Profils d’expression transcriptomique et protéomique chez l’humain du gène pgf (placental growth factor) et de la protéine PlGF. A. Illustration du profil d’expression transcriptomique du gène pgf après analyse de la base de données BrainSpan, Atlas of the Developing Human Brain dans le cerveau fœtal. Le profil visualisé s’étend de la 10e à la 39e semaine gestationnelle (SG), toutes structures cérébrales confondues. Les gènes codant le VEGFA (vascular endothelial growth factor A) et le VEGFB sont indiqués à titre de comparaison (images issues de http://www.brainspan.org/). B. Expression comparée de la protéine PlGF dans différents organes après interrogation de la base de données GeneCards, Human Gene Database. La protéine PlGF est massivement exprimée par le placenta (https://www.genecards.org/).

Alcoolisation fœtale et anomalies de l’angiogenèse placentaire

Chez l’individu adulte, plusieurs études ont établi des liens entre l’exposition à l’alcool et des anomalies de l’angiogenèse. Chez l’humain, l’alcoolisme perturbe le processus de cicatrisation en altérant les réponses angiogéniques et inflammatoires [20] et chez le primate non humain, la consommation d’éthanol réduit la capacité des précurseurs endothéliaux à générer de nouveaux capillaires [21]. Chez le rongeur, des études menées in vivo et in vitro ont révélé que l’éthanol s’opposait aux effets pro-angiogéniques du VEGFA et perturbait, notamment, l’expression de VEGFR2/Flk-1 [2224].
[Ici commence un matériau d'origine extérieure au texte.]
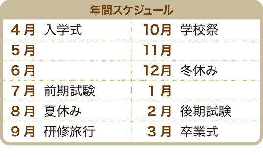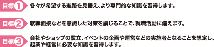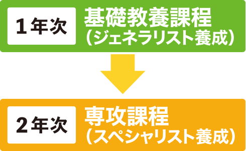 2年次には、生徒自身が目指す進路を強く意識し、現場での即戦力と成り得る人材を育成するためのカリキュラムを設定しています。個々が思い描く将来ビジョンの実現をサポートするため、目指す進路に最適な道筋をコーディネートします。

Il est connu de longue date que la consommation d’alcool au cours de la grossesse altère le développement et le fonctionnement placentaires [25, 26] : il a été en effet mis en évidence une diminution du poids du placenta [27], une perturbation des sécrétions hormonales [28] ainsi qu’un puissant effet vasocontricteur [29] en conditions d’alcoolisation. Toutefois, alors que plusieurs de ces processus sont à l’origine d’une atteinte vasculaire, ce n’est que récemment que l’impact de l’alcool sur l’angiogenèse du placenta humain a été précisé d’un point de vue moléculaire et cellulaire [30]. L’étude comparée de 42 placentas exposés à l’alcool versus 41 placentas témoins, sur une période allant de 21 à 42 semaines gestationnelles, indique en effet que la 30e semaine de gestation constitue une période charnière. Alors qu’avant cet âge gestationnel, l’alcool ne modifie ni la densité des villosités ni la morphologie vasculaire, à partir de la 30e semaine et jusqu’à terme, les placentas exposés à l’alcool présentent une réduction importante de la surface luminale vasculaire qui s’amplifie avec l’âge gestationnel (Figure 1C) [30]. Cette anomalie développementale est associée à une diminution de l’expression de protéines impliquées dans les jonctions serrées, telles que ZO-1 (zonula occludens-1), et de celle de membres de la famille du VEGF, que sont le PlGF et le VEGFA. Ces données obtenues chez l’humain chez lequel l’alcoolisation est majoritairement associée à une poly-intoxication (tabac, cannabis, etc.), ont été confirmées chez le rongeur en utilisant différents modèles de monointoxication à l’éthanol et différentes approches, qu’elles soient de nature transcriptomique [31], protéomique [32], histologique [33] ou mécanistique [30, 34], renforçant ainsi l’hypothèse d’un lien direct entre alcoolisation in utero, dysfonction placentaire et troubles de l’angiogenèse.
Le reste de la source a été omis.